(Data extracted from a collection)
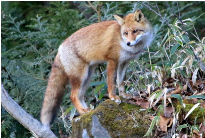
11/24 キツネ (湯ノ湖)
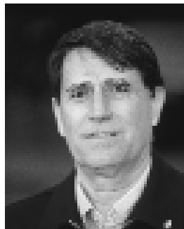
José-Maria Odriozola (España) [1999-]
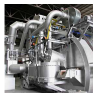
PulsReg ® Regenerativ- Brennersystem
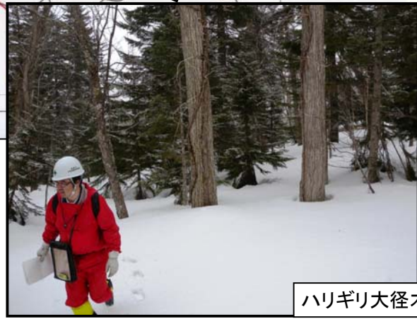
ハリギリ大径木・巨木
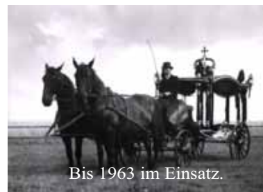
Bis 1963 im Einsatz.

Eine telefonisch Kontaktaufnahme raten wir immer an, da wir berufsbedingt nicht immer im Büro sind.
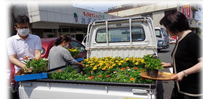
6月8日に花苗受取る平城商店街のにこにこ会 (約27人)

馬瀬老人クラブとチーム馬瀬の21人は、花壇いっぱいマリーゴールドを植えました。(写真左上) 平城商店街のにこにこ会の約27人には、マリーゴールドや夏スミレなどの花苗を配り、各店頭のプランターに植えました。(写真左下) 深泥青年部の13人は、ポチュラカやマリーゴールドなどを配色よく植えました。(写真右下) 深泥青年部の方は「朝早かったから、暑くなくてよかった。」と話されました。皆さん植えた後は、満足そうな笑顔がとても印象的でした。これから暑い季節は、水やりや草引きの世話が大変ですが、よろしくお願ひします。いつも地域の環境美化活動にご協力いただき、ありがとうございます。

Exercise instructions >> Output the line that contains "PulsReg ® Regenerativ- Brennersystem" and every line after it to the end of the records, word for word, leaving out the pictures.

Your solution >>
PulsReg ® Regenerativ- Brennersystem
ハリギリ大径木・巨木
Bis 1963 im Einsatz.

Eine telefonisch Kontaktaufnahme raten wir immer an, da wir berufsbedingt nicht immer im Büro sind.
6月8日に花苗受取る平城商店街のにこにこ会 (約27人)

馬瀬老人クラブとチーム馬瀬の21人は、花壇いっぱいマリーゴールドを植えました。(写真左上) 平城商店街のにこにこ会の約27人には、マリーゴールドや夏スミレなどの花苗を配り、各店頭のプランターに植えました。(写真左下) 深泥青年部の13人は、ポチュラカやマリーゴールドなどを配色よく植えました。(写真右下) 深泥青年部の方は「朝早かったから、暑くなくてよかった。」と話されました。皆さん植えた後は、満足そうな笑顔がとても印象的でした。これから暑い季節は、水やりや草引きの世話が大変ですが、よろしくお願ひします。いつも地域の環境美化活動にご協力いただき、ありがとうございます。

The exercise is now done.